Create an ETL Pipeline with Schedule
- To create a schedule trigger for executing a data process at a specific interval.
ETL, or Extract, Transformation and Load, referes to data pipelines commonly deployed on or beside databases and data warehouses, traditionally mostly in the form of SQL scripts running as scheduled jobs, for example, to migrate or backup data from A to B.
By combining a LOC data process, database-operating logic with a schedule trigger, we can create ETLs to achieve the same objectives with the benefit of revision control and adding active metadata.
In this tutorial, we will create an ETL to automatically backup the log table we've used in the database microservice tutorial:
ETL Design
Database Table Schema
To simplify the example, we will use the same database and copy the logs to another table named Log_Backup
:
Field | Type |
---|---|
ID | INT NOT NULL |
Message | Text |
Timestamp | DATETIME |
Notice that the
ID
column inLog_Backup
does not useIDENTITY
for auto increment as inLog
.
MS-SQL Statement for Create and Drop Table
SQL Statement
The following SQL statement will backup logs into Log_Backup
:
MERGE INTO dbo.Log_Backup AS target
USING dbo.Log AS source
ON (target.ID = source.ID)
WHEN NOT MATCHED THEN
INSERT (ID, Message, Timestamp)
VALUES (source.ID, source.Message, source.Timestamp)
WHEN MATCHED THEN
UPDATE SET target.Message = source.Message, target.Message = source.Message;
GO
This statement will have the following actions:
- If a log ID is not found (not matched) in
Log_Backup
, insert the log. This avoids log duplication in the backup table. - If a log ID is found (alreadt inserted), update its message and timestamp.

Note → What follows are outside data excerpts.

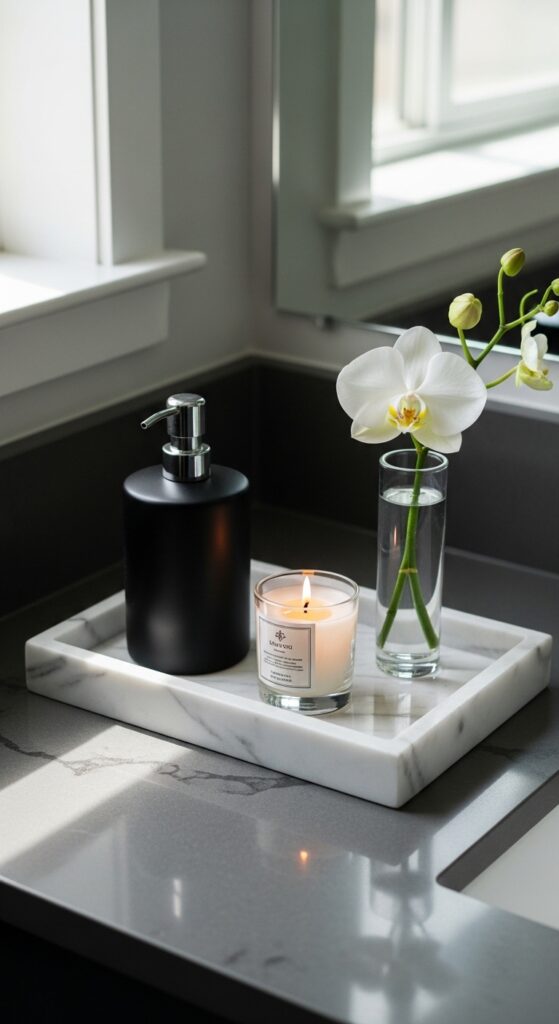 To keep your vanity counter from looking messy, use a small marble or wooden tray to corral your everyday items. Place your hand soap, a candle, and a small vase of flowers on the tray. By grouping these items together, they look like a deliberate “vignette” rather than just clutter. It makes cleaning the counter easier, too—just lift the tray and wipe. This is a classic interior design trick that adds a layer of sophistication to even the smallest of master bathrooms, making it look move-in ready.
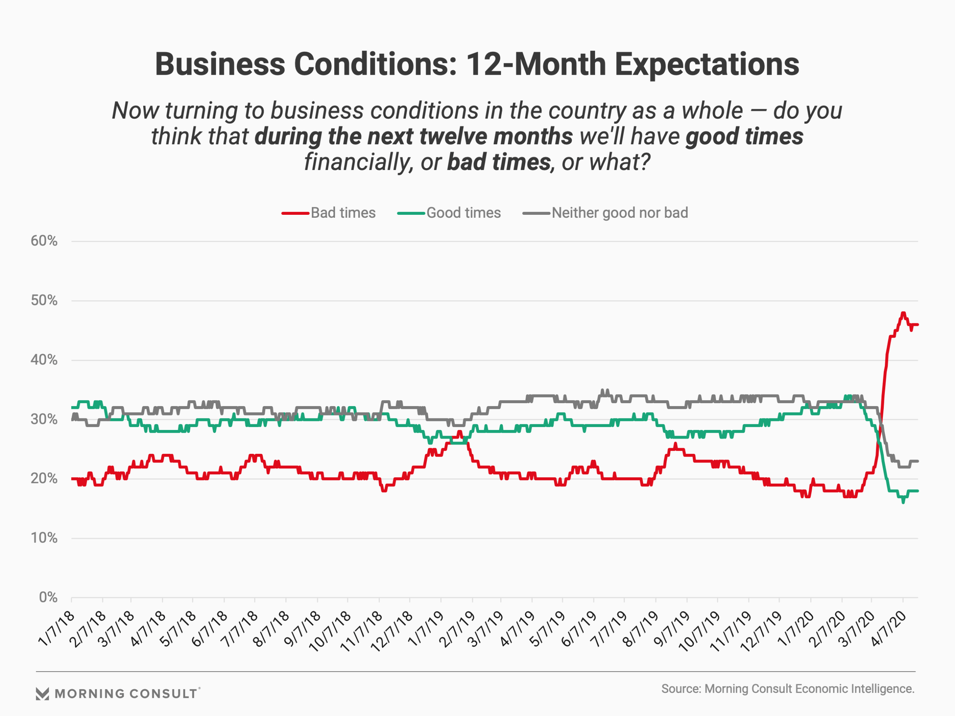 Similarly, the percentage of respondents who answered that they expect that 12 months from now business conditions in the country as a whole will be worse than they are now peaked at 48 percent on April 8 and have since slipped to 46 percent as of April 21. The percentage of respondents who believe that business conditions in the country as a whole will be better 12 months from now increased from 16 percent on April 7 to 18 percent on April 21.
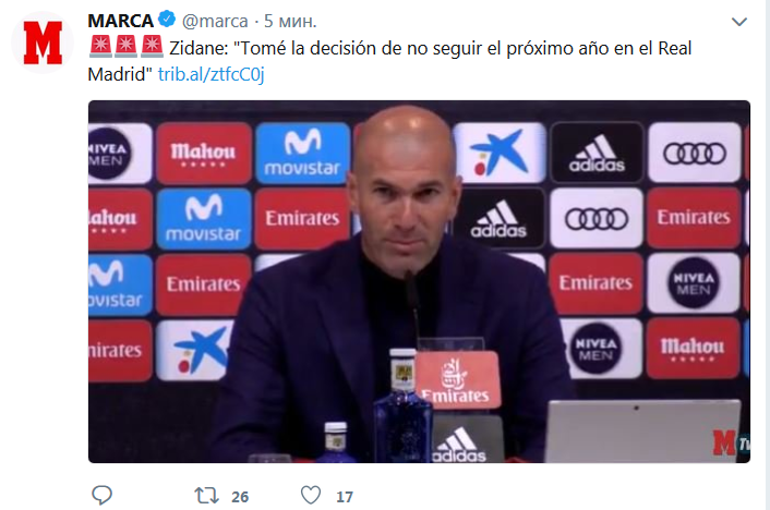 Сегодня, 31 мая, главный тренер Реала Зинедин Зидан созвал экстренную пресс-конференцию и озвучил сенсационное решение. Он покидает свой пост после феноменального сезона, в котором его команда в третий раз подряд выиграла Лигу Чемпионов.
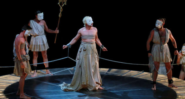 Aeschylus tarafından yazılan, Codruta Popov ile Geanina Jinaru-Doboş tarafından oyunlaştırılan ve Kokan Mladenovic'in yönettiği oyun yaklaşık 1 saat 40 dakika sürüyor.

We can thus design our ETL pipeline as such:
Data Process: Scheduled Log Backup
Logic | Name | Purpose | DB Config Ref |
---|---|---|---|
Generic logic #1 | Log Backup | Copy logs from source table to target table | |
Generic logic #2 | Dtabase Query (source) | Query database | comx (source) |
Aggregator logic | Database Aggregator (see Log Service POST ) | Finalise service result |
See the microservice tutorial for how to create a database configuration and add the reference to the Dtabase Query
logic.
Logic: Log Backup
import { LoggingAgent, SessionStorageAgent } from "@fstnetwork/loc-logic-sdk";
export async function run(ctx) {
const statement = `MERGE INTO dbo.Log_Backup AS target
USING dbo.Log AS source
ON (target.ID = source.ID)
WHEN NOT MATCHED THEN
INSERT (ID, Message, Timestamp)
VALUES (source.ID, source.Message, source.Timestamp)
WHEN MATCHED THEN
UPDATE SET target.Message = source.Message, target.Message = source.Message;`;
// create sql object
const sql = {
configName: "comx",
statement: statement,
params: [],
};
// log sql
LoggingAgent.info({
sql: sql,
});
// write sql into session storage
await SessionStorageAgent.putJson("sql", sql);
}
export async function handleError(ctx, error) {
LoggingAgent.error({
error: true,
errorMessage: error.message,
stack: error.stack,
taskId: ctx.task.taskKey,
});
}
Create a Schedule Trigger
After the logic and data process are in place, go to Trigger -> Scheduler and click Create Schedule on the top right corner.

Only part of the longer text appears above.